Let's say that I have a small retail shop that has slots available for only 5 types of products.

However, I also have a warehouse located behind my store in which I can store my inventory. Let's assume that I always keep an inventory of 10 different types of products.

I now want to figure out which 5 of those 10 types of products should be shown in my store and in what order (i.e. which product should be present in the first slot, which in the second slot etc.) so that my total sales are maximized. One of the constraints is that a particular product cannot be present in more than 1 slot. Therefore, what this means is that at any time, I will be showing exactly 5 products to my customers and I would not be able to show the remaining 5 products to my customers.

Let's assume that I currently have no idea which products are more popular among customers etc. We should also assume that the ordering of the 5 products that are actually shown to customers (i.e. which product is present in which slot) is important in terms of customers deciding whether or not they want to buy anything from me.

Obviously, the total number of ways 10 products can be allocated in 5 slots is "10 P 5" (i.e. permutation of 10 over 5) which is more than 25,000. And, one way to find out which is the best permutation would be to conduct an experiment in which every time a customer comes to my store, I present him with a different permutation. Once the first 25,000 customers have visited my store so that each permutation has been seen once, I can then repeat the same experiment with the next group of 25,000 customers and continue doing this for a while. Once I have enough data, I can then conclude which permutation would be maximizing my sales.

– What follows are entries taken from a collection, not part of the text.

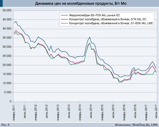 Стоит заметить, что объемы добычи молибденовых руд все последние годы сокращаются. Если в 2014 году по всему миру на рынок выпустили 281 тыс. т молибдена в концентрате, то в 2016 году эта цифра составила всего около 227 тыс. т. Причину такой динамики несложно понять, взглянув на график цен молибденового сырья в последние годы (рис. 3).
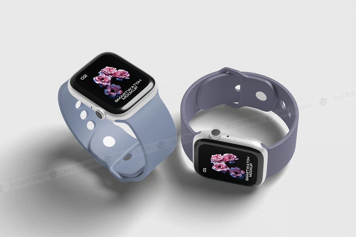Watch数字智能手表UI设计效果图展示智能贴图psd设计样机,用于在智能手表屏幕上展示您的应用程序或产品。该模型是完全可定制的,允许您调整颜色、阴影和背景以满足您的需求。
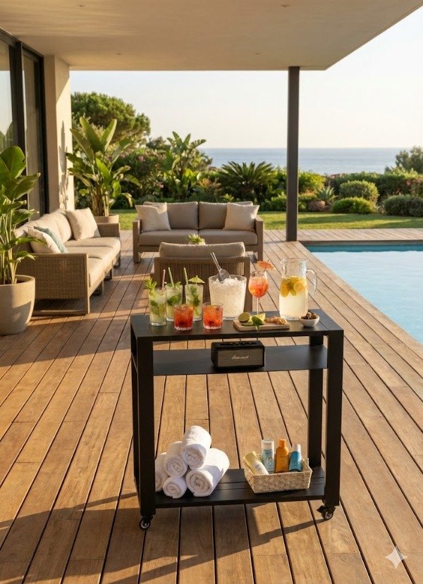 Usalo como estación de comida, estación de bebida o mesa de apoyo para el asador.
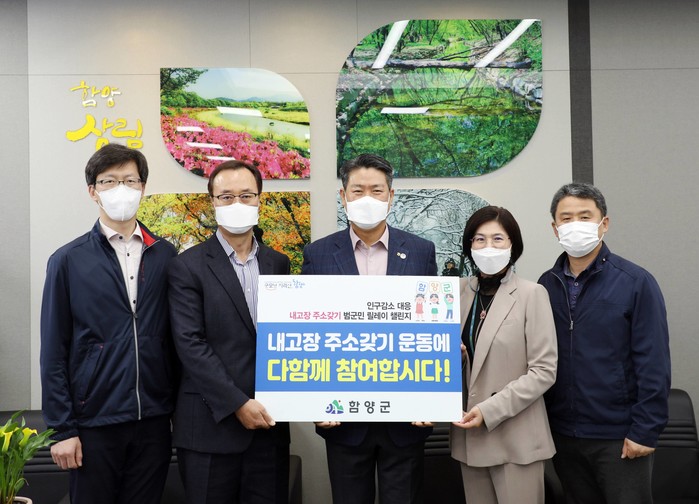 한편, 군에서는 '내고장주소갖기' 범군민 릴레이 챌린지를 지속적으로 추진해 3주차에 돌입한 가운데 농협은행, 함양교육지원청, 함양우체국, 한국전력 함양지사가 챌린지에 참여했으며, 오는 3일 4주차 릴레이 챌린지가 시작될 예정이다.

However, for obvious practical reasons, running such a large experiment is infeasible because it would take me years before I have enough data.

Is there any technique in statistics that will allow me to maybe test a small sub-set of all these permutations and then mathemtically predict which is the best one (without the best one necessarily having been present in the actual test)?

I am not sure whether Design of Experiments is going to be helpful here - but if you think it will, can you point me to the specific technique in DOE which would apply to my situation?

Thanks, and if you need any clarifications before you can answer my question, please let me know.